Dataset records:
══════════════════════════════
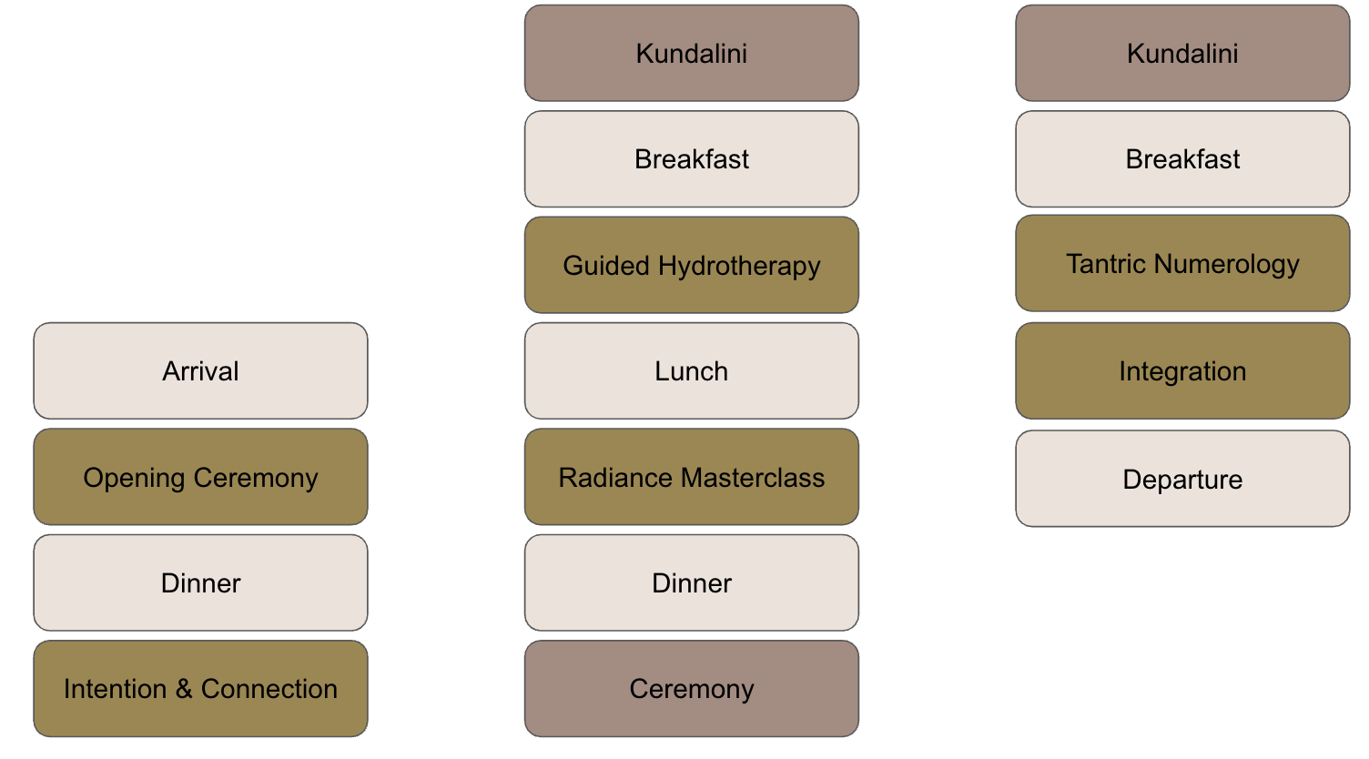 On Days 2 and 3, the focus shifts toward spiritual growth and integration. A Tantric Numerology workshop offers insight into personal energetic patterns and includes a personalized 40-day integration practice to support life beyond the retreat. This practical life-science toolkit supports nervous system regulation and grounded integration. The journey culminates in Aquarian Sadhana, designed to deepen inner stillness and support lasting integration beyond the retreat space.
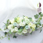 ばら(フルーティーオレンジ、ゴールデンイエロー、ジュリアオレンジ、モーニングイエロー、ピーチ)かすみ草、あじさい、リボン、パール
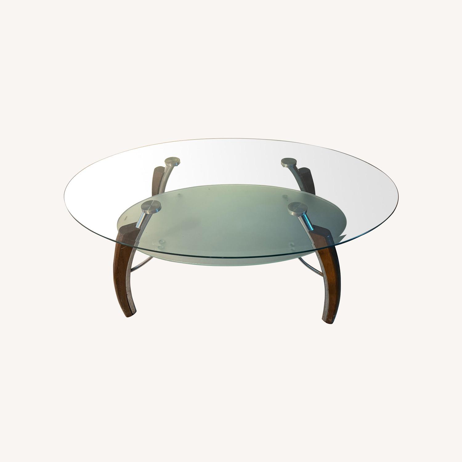 Glass Coffee Table with Wooden & Steel Legs
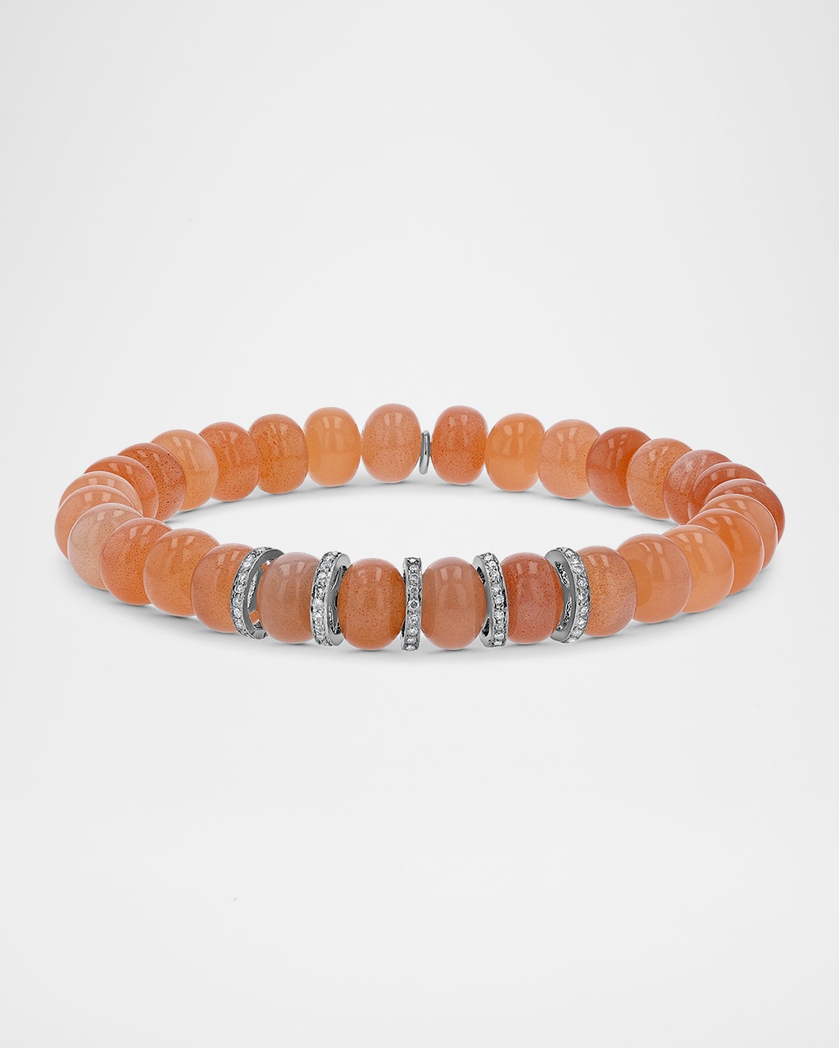 Sheryl Lowe stretch bracelet Sterling silver with pavé diamonds 8mm smooth peach moonstones Diamond total carat weight: 0.45 Stretchy; slipon style Made in USA
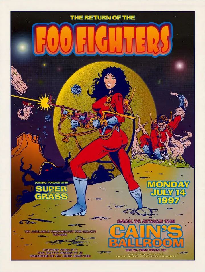 Awesome sci-fi comic art on this large poster promoting a July 1997 show at Cain’s Ballroom in Tulsa, Oklahoma, featuring the Foo Fighters and Super Grass.
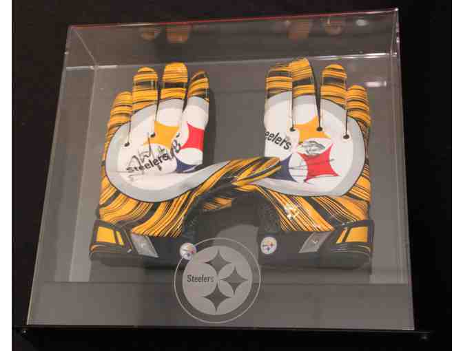 Any black and gold Steelers fan will love this colorful pair of autographed gloves, displayed in a very professional plexiglass case.
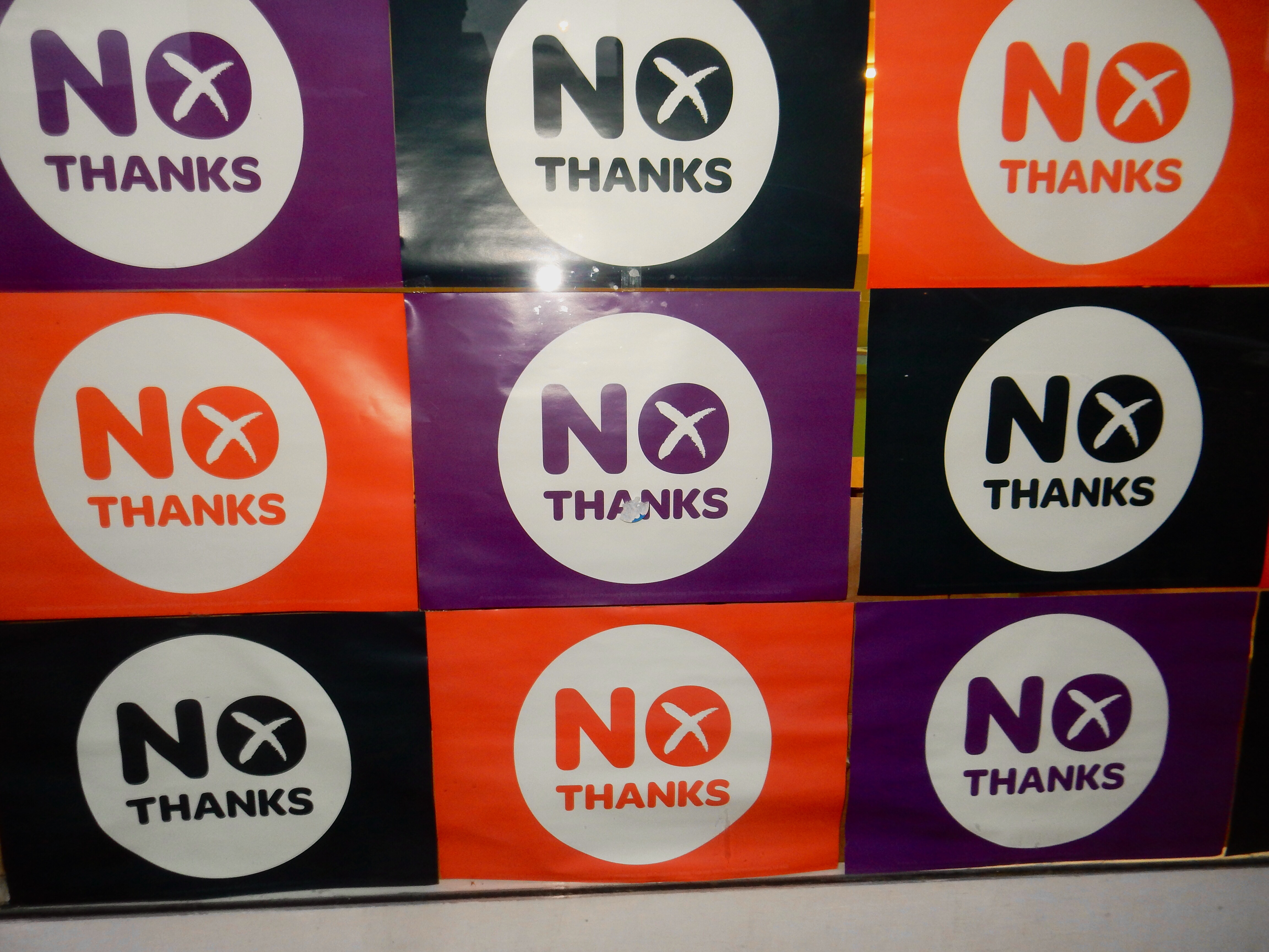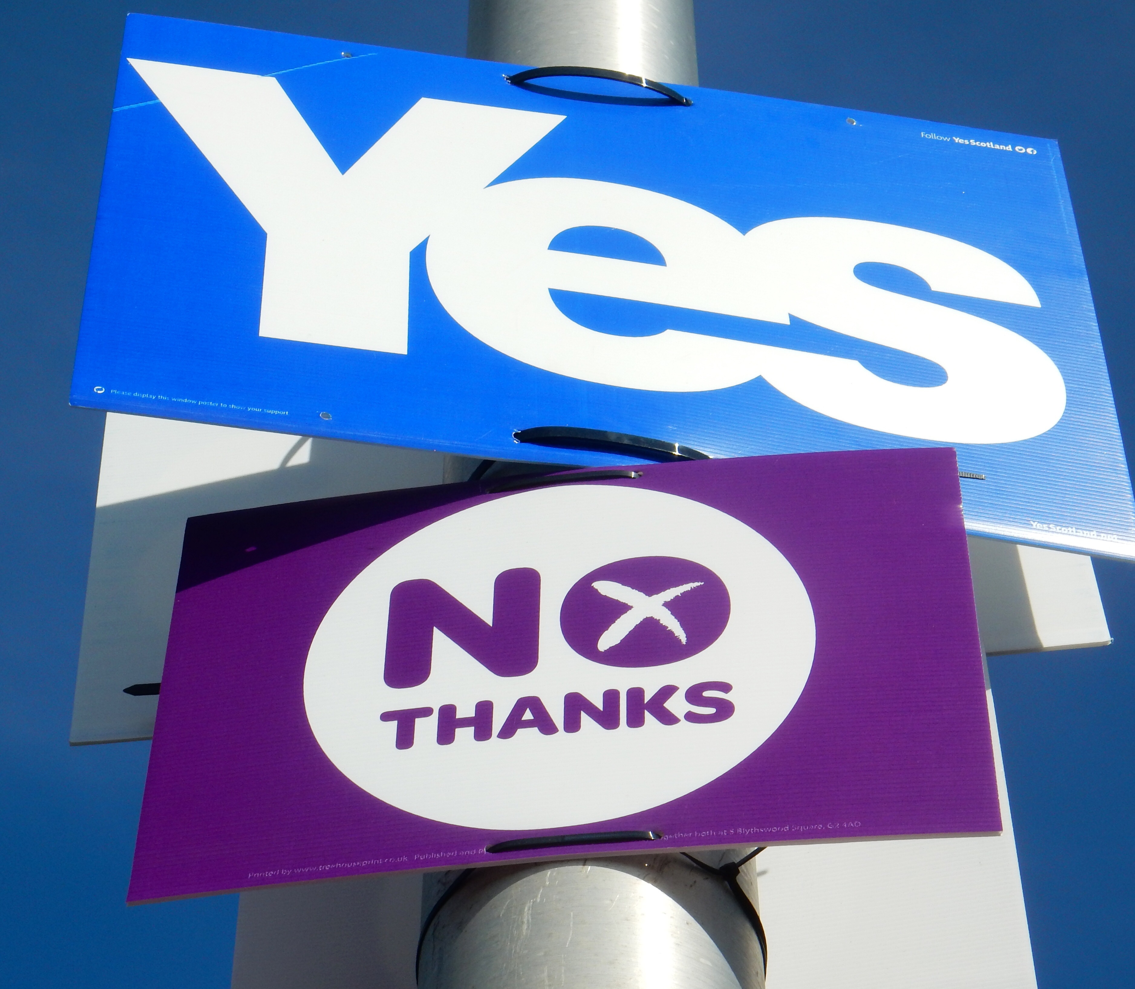 I must say, as a non-affected outsider, the yes campaign is clearly running smarter and with more grassroots support. They were clever to adopt Scotland’s flag colors. Large yes signs are posted in the most remote areas of Scotland. Meanwhile, the no perspective is largely invisible. I have a sense the no voters are voting their pocketbooks and are a little embarrassed to be voting against independence. It’s almost like voting against Scotland.
══════════════════════════════
Task brief: Once the line with "Awesome sci-fi comic" is found above, transcribe each line from it through the line with "Any black and", exactly, and omit the pictures.

Task solution:
 Awesome sci-fi comic art on this large poster promoting a July 1997 show at Cain’s Ballroom in Tulsa, Oklahoma, featuring the Foo Fighters and Super Grass.
 Any black and gold Steelers fan will love this colorful pair of autographed gloves, displayed in a very professional plexiglass case.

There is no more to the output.